What changed
The fixed repo rate under the Liquidity Adjustment Facility was increased by 25 basis points from 4.75% to 5.0%, effective March 20, 2010. Consequently, the standing liquidity facilities—export credit refinance for banks and collateralised liquidity support for primary dealers—will be priced at the revised repo rate.
What it means for you
Banks and primary dealers will face higher borrowing costs for these standing facilities, directly impacting their liquidity management and net interest margins. This signals RBI's intent to tighten monetary policy, likely to curb inflationary pressures, and may lead to a gradual increase in lending rates for end borrowers.
What you must do
- Review your bank's reliance on export credit refinance and assess the impact of the 25 bps hike on funding costs.

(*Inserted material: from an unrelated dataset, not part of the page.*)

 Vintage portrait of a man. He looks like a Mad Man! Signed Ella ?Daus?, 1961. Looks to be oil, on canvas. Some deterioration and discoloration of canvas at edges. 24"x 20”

- Communicate the revised rate to treasury and ALCO teams for immediate liquidity planning.
- Evaluate the need to adjust lending rates or deposit rates to maintain net interest margins.
- Monitor RBI's future policy actions for further rate changes and adjust liquidity buffers accordingly.
Who it affects
All scheduled banks (excluding RRBs) availing export credit refinance, Primary dealers using collateralised liquidity support, Treasury and ALCO teams managing short-term liquidity
What is the effective date of the new repo rate?

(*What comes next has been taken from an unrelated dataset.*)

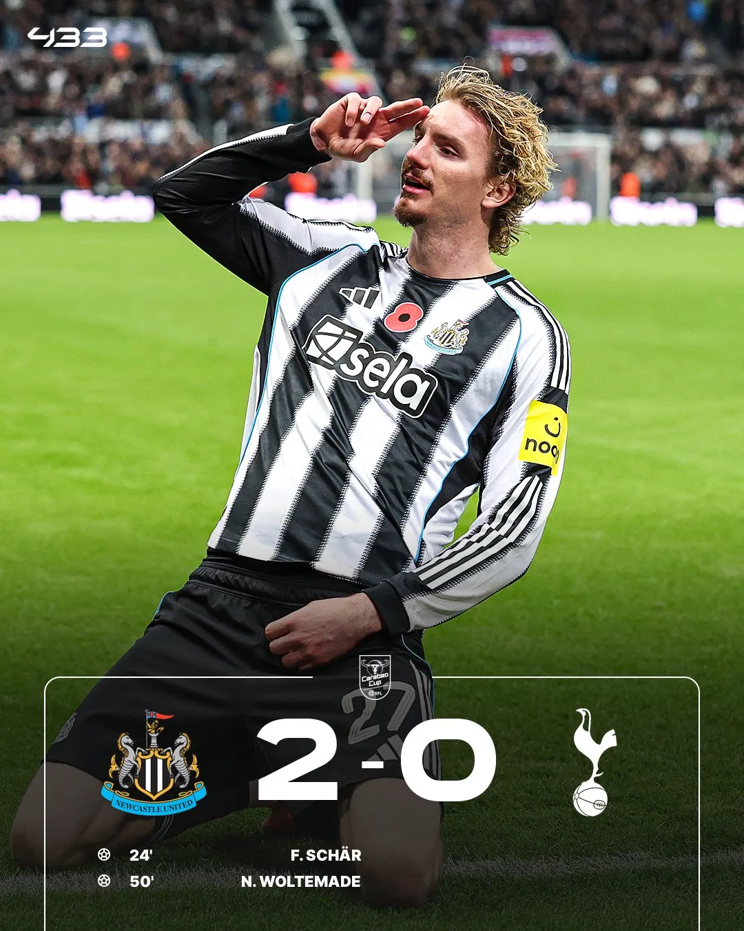 纽卡斯尔联主场迎战热刺。上半场,托纳利送出助攻,法比安-舍尔破门得分。易边再战,沃尔特马德头球破门扩大比分。最终,纽卡斯尔联2-0热刺,晋级下一轮。

The revised repo rate of 5.0% applies from March 20, 2010, as stated in the circular.
Does this change affect all standing liquidity facilities?
Yes, the circular specifies that both export credit refinance for banks and collateralised liquidity support for primary dealers will be available at the revised repo rate.
Are Regional Rural Banks covered by this circular?
No, the circular explicitly excludes Regional Rural Banks from its scope.